Original DDay 30/12 as mentioned before answered all questions etc.

Well on 3/1 he tells me he actually spent 2 nights (not consecutively) with her,is so sorry blah blah blah.Said he had definitely told me everything and had deleted her number.Showed me his phone contacts no one on there that I didn’t know (or so I thought).begging for me to try and work things out.i didn’t say much as we were at DD#3’s place as one of our granddaughters birthday is the 4th.

The day of the 4th was ok.No arguing etc then went to son #2’s place for the night to spend time with one of our grandsons.

He tells me she messaged him that day to say that she had met someone and was moving on,and that he deleted the message.Alarm bells started ringing again.He got drunk,he usually sleeps on his phone but that night it was in his pocket,so I took it and looked threw it.In his screen shotpics was a screen shot of her number.So I typed her number into the contacts search list and he had her number on there under a friends name.I deleted both the screen shot and number.He was really angry that I took his phone and went through it.He didn’t know I had written the OW number down.

So I called her,I’m so glad I did she told me everything,and boy is it a head spinner.

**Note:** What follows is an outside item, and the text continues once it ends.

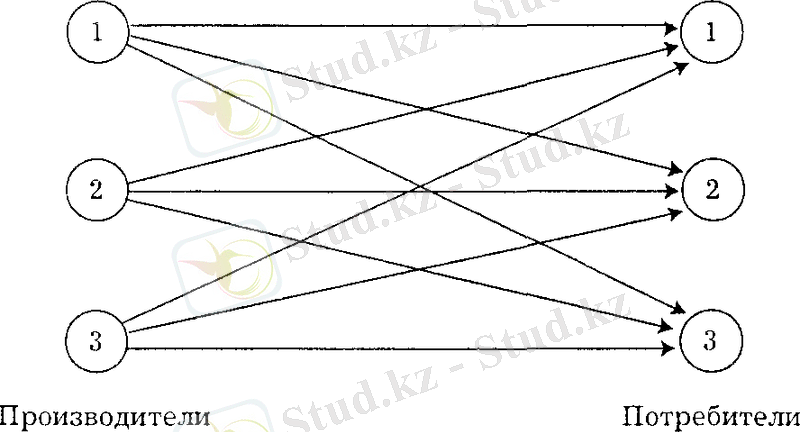 Рис. 2. Схема контактных линий "производители-потребители"

Everything he had told me was a lie.they met on a dating website.they have been seeing each other since the end of October.they spent 4 nights together in total and went on lots of lunch dates.he spent her birthday night with her and also Christmas night.most of our children are adults but we have a son who is 7.he bought home Christmas chocolate stockings,cupcakes and biscuits and told me one of our friends gave them to him for the kids,it turns out she gave them to him.He told the OW the we had been over for a really long time but lived with me to help look after my son who tried to commit suicide.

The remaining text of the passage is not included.